> _Record set_
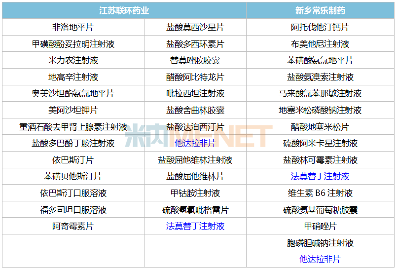 江苏联环药业和新乡常乐制药的已过评产品重合度不高,仅他达拉非片和法莫替丁注射液是双方都有的产品,可见此番收购对江苏联环药业快速扩充产品线成效显著。
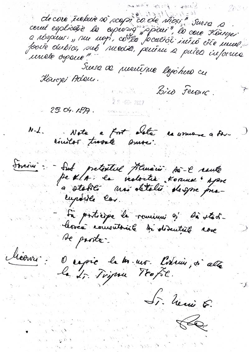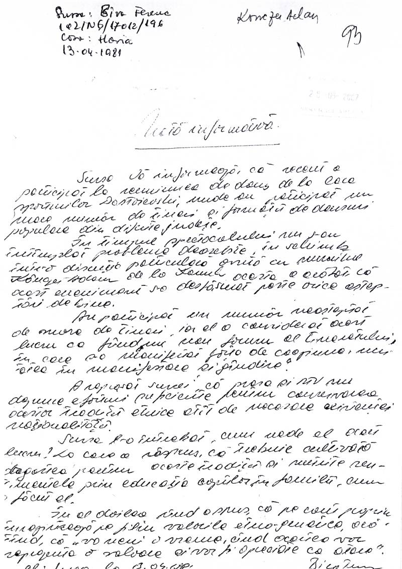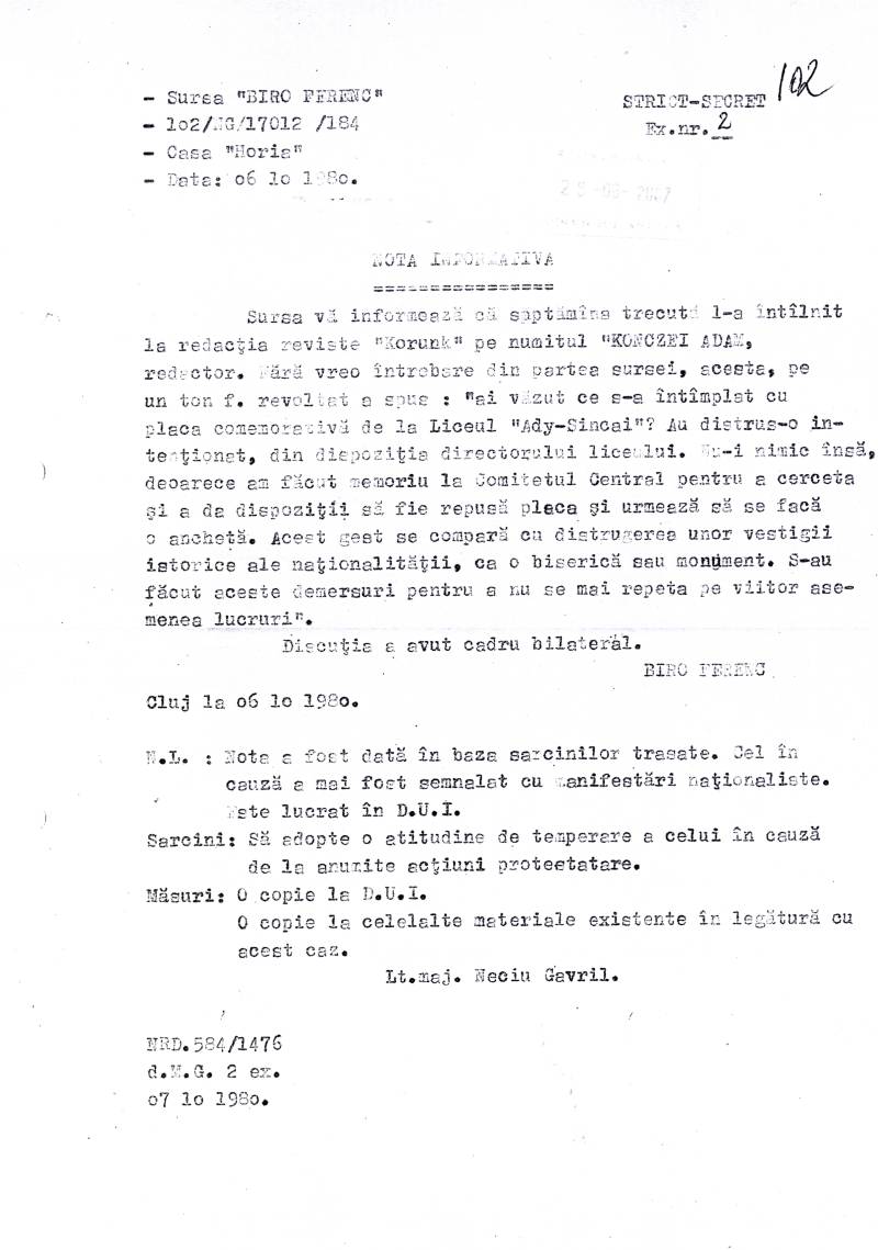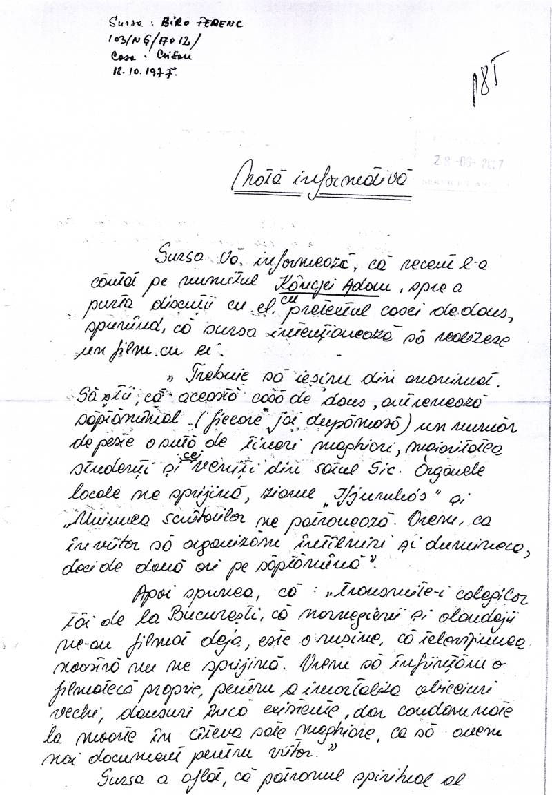 Mivel édesapám személyi megfigyelési dossziéjába (románul DUI) csak olyan dokumentumok kerültek be, amelyek valamilyen mértékben személyesen érintették, a „B. F” a rábízott feladatokról valószínűleg más aktákban heverő jelentésekben számol be. Egy 1979-ben szerkesztett „referátumban” egy szekustiszt mindenesetre már irredenta nótázásról beszél és külön mellékletre utal, amelyik a táncházba járók névsorát tartalmazza. A referátumot az informátorok beszámolói alapján készítették.
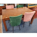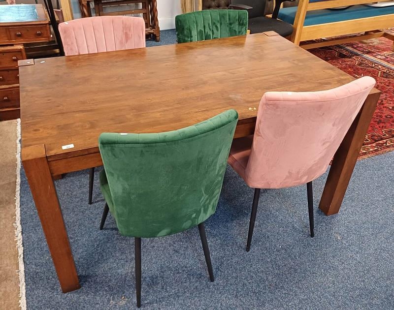 HARDWOOD RECTANGULAR DINING TABLE & SET OF 4 OVERSTUFFED DINING CHAIRS - TABLE 150 CM LONG
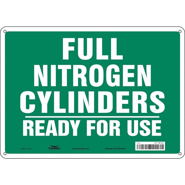 Safety Sign, 10 in Height, 14 in Width, Aluminum, Horizontal Rectangle, English, 471N29SKU G5058133Categories SafetyDescription Safety Sign, Horizontal Rectangle, Number of Printed Sides 1, English, Sign Format Other Format, Sign Legend Full Nitrogen Cylinders Ready For Use, Sign Legend Background Color Green, Sign Legend Style TextgraingerSKU: 471N29, mscSKU: , zoro_no: G5058133, mongo_id: 65bbe9ad22d7a989a996f1b9
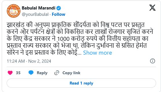 उन्होंने आगे बताया कि केंद्र सरकार ने देशभर के सभी राज्यों के लिए पर्यटन क्षेत्र को विकसित करने के लिए 1000 करोड़ रुपये की वित्तीय सहायता का प्रस्ताव दिया था, जिसमें राज्य सरकारों से योजनाएं मांगी गई थीं. लेकिन झारखंड सरकार ने इस प्रस्ताव के लिए कोई योजना नहीं भेजी, जो कि बेहद चिंताजनक है. मरांडी ने कहा कि इस प्रस्ताव के जरिए 10 हजार से अधिक युवाओं को रोजगार के अवसर मिलते और झारखंड के पर्यटन क्षेत्र में लगभग 15% की वृद्धि होती. उन्होंने हेमंत सोरेन की सरकार पर आरोप लगाया कि पिछले 5 वर्षों में ऐसी कई योजनाएं हैं जिन्हें राज्य सरकार ने केंद्र से मिलने वाली मदद को अपने अहंकार के चलते ठुकरा दिया है. उनका कहना था, “जहां एक ओर प्रतिवर्ष 5 लाख नौकरी के झूठे वादे युवाओं की कमर तोड़ रहे हैं, वहीं दूसरी ओर आपकी नकारात्मक राजनीति ने झारखंड के लाखों परिवारों को बेरोजगारी और भुखमरी का सामना करने को मजबूर कर दिया है.” बाबूलाल मरांडी ने हेमंत सोरेन पर निशाना साधते हुए कहा कि वह बांग्लादेशी घुसपैठियों को बसाने और अपने व्यक्तिगत लाभ में मशगूल हैं, जबकि झारखंड के विकास और भविष्य की परवाह नहीं कर रहे हैं। उन्होंने आश्वासन दिया कि जनता उचित सबक सिखाएगी.
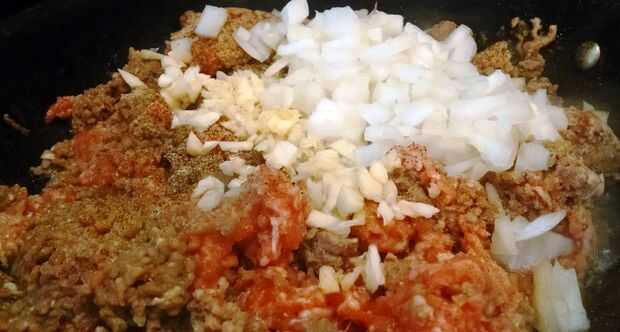 Preparar todas las verduras antes de comenzar cualquier cosa! Comience a cocinar el arroz. Ahora poner toda la carne picada en una sartén grande y comenzar a cocinar a través de. Rociar con aceite de oliva y Agregue ajo, cebolla y todas las especias (la cantidad de especias es a gusto). Comenzar a mezclar en la salsa de tomate. Sólo necesitará añadir unos 3/4 de la lata. Cúbralo y déjelo a fuego lento hasta su uso.
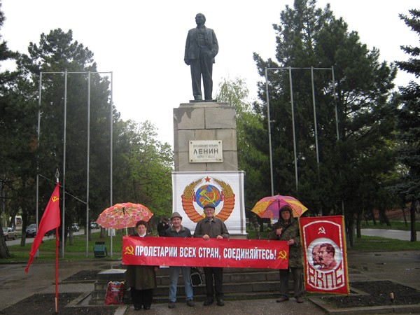 Большевики на митинге выставили свои красные флаги с серпом и молотом,транспоранты :" Мы- за Советский Союз!", "Герб СССР". Распространялись газеты и листовки.Были возложены цветы к памятнику В.И.Ленина. Перед собравшимися выступили товарищи Францев В.А., Губанов Кирилл и другие товарищи. Была принята резолюция.

> _Task brief_
Everything above from the line that has "Mivel édesapám személyi" down to the line that has "HARDWOOD RECTANGULAR DINING" should be output exactly, with both of those lines included. Leave the pictures behind.

> _Written response_
 Mivel édesapám személyi megfigyelési dossziéjába (románul DUI) csak olyan dokumentumok kerültek be, amelyek valamilyen mértékben személyesen érintették, a „B. F” a rábízott feladatokról valószínűleg más aktákban heverő jelentésekben számol be. Egy 1979-ben szerkesztett „referátumban” egy szekustiszt mindenesetre már irredenta nótázásról beszél és külön mellékletre utal, amelyik a táncházba járók névsorát tartalmazza. A referátumot az informátorok beszámolói alapján készítették.
 HARDWOOD RECTANGULAR DINING TABLE & SET OF 4 OVERSTUFFED DINING CHAIRS - TABLE 150 CM LONG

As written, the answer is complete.